*Exercise*: An exact restatement of the data below, with the pictures removed, is the required answer.

*Raw data*:
-- Opening Marker --

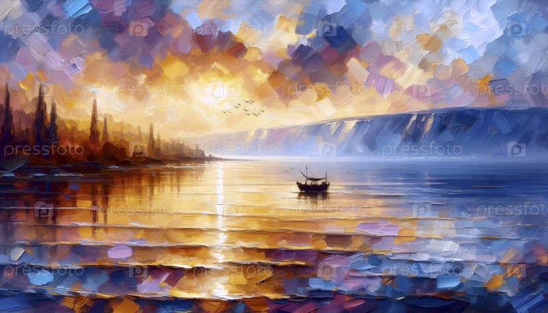 Галилейское море в золотое время, импрессионистский стиль, Ai generated image
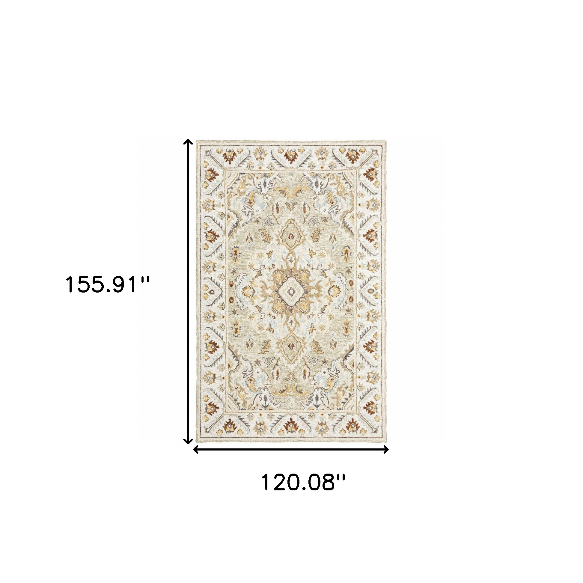 Add some artistry to your room with this 10' x 13' ivory beige gold and muted grey oriental tufted handmade stain resistant area rug. This rectangle shaped rug features a oriental design in ivory beige gold and muted grey to give it visual interest. A classic shape marries with good looking design for your space Ideal for spaces with kids and pets, this rug is stain resistant to help repel stains and spilled liquids. Place this area rug against a hardwood or tile floor and it will enliven your living space with style and sophistication. 0.39" H x 120.08" W x 155.91" D
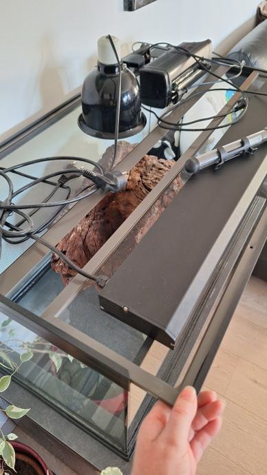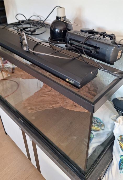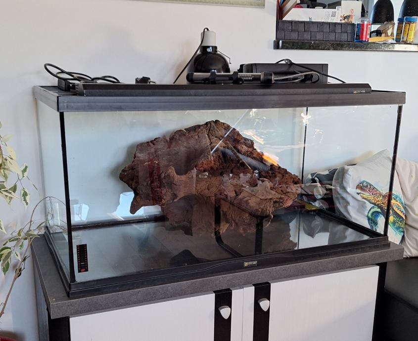 Prodam terarij ZooMed dimenzij 91x46x44cm z dvojnim mrežnim pokrovom, filtrom Fluval U3, nosilec + grelna žarnica odporna proti vodi (rabljena 2meseca), nosilec + UVB žarnica (rabljena 3mesece), grelec, večja korenina (služila kot kopno). Terarij je primeren za manjšo do srednje veliko vodno želvo. Terarij je kot nov brez prask, razpok ali poškodb.

-- Closing Marker --

*Response*:
 Галилейское море в золотое время, импрессионистский стиль, Ai generated image
 Add some artistry to your room with this 10' x 13' ivory beige gold and muted grey oriental tufted handmade stain resistant area rug. This rectangle shaped rug features a oriental design in ivory beige gold and muted grey to give it visual interest. A classic shape marries with good looking design for your space Ideal for spaces with kids and pets, this rug is stain resistant to help repel stains and spilled liquids. Place this area rug against a hardwood or tile floor and it will enliven your living space with style and sophistication. 0.39" H x 120.08" W x 155.91" D
 Prodam terarij ZooMed dimenzij 91x46x44cm z dvojnim mrežnim pokrovom, filtrom Fluval U3, nosilec + grelna žarnica odporna proti vodi (rabljena 2meseca), nosilec + UVB žarnica (rabljena 3mesece), grelec, večja korenina (služila kot kopno). Terarij je primeren za manjšo do srednje veliko vodno želvo. Terarij je kot nov brez prask, razpok ali poškodb.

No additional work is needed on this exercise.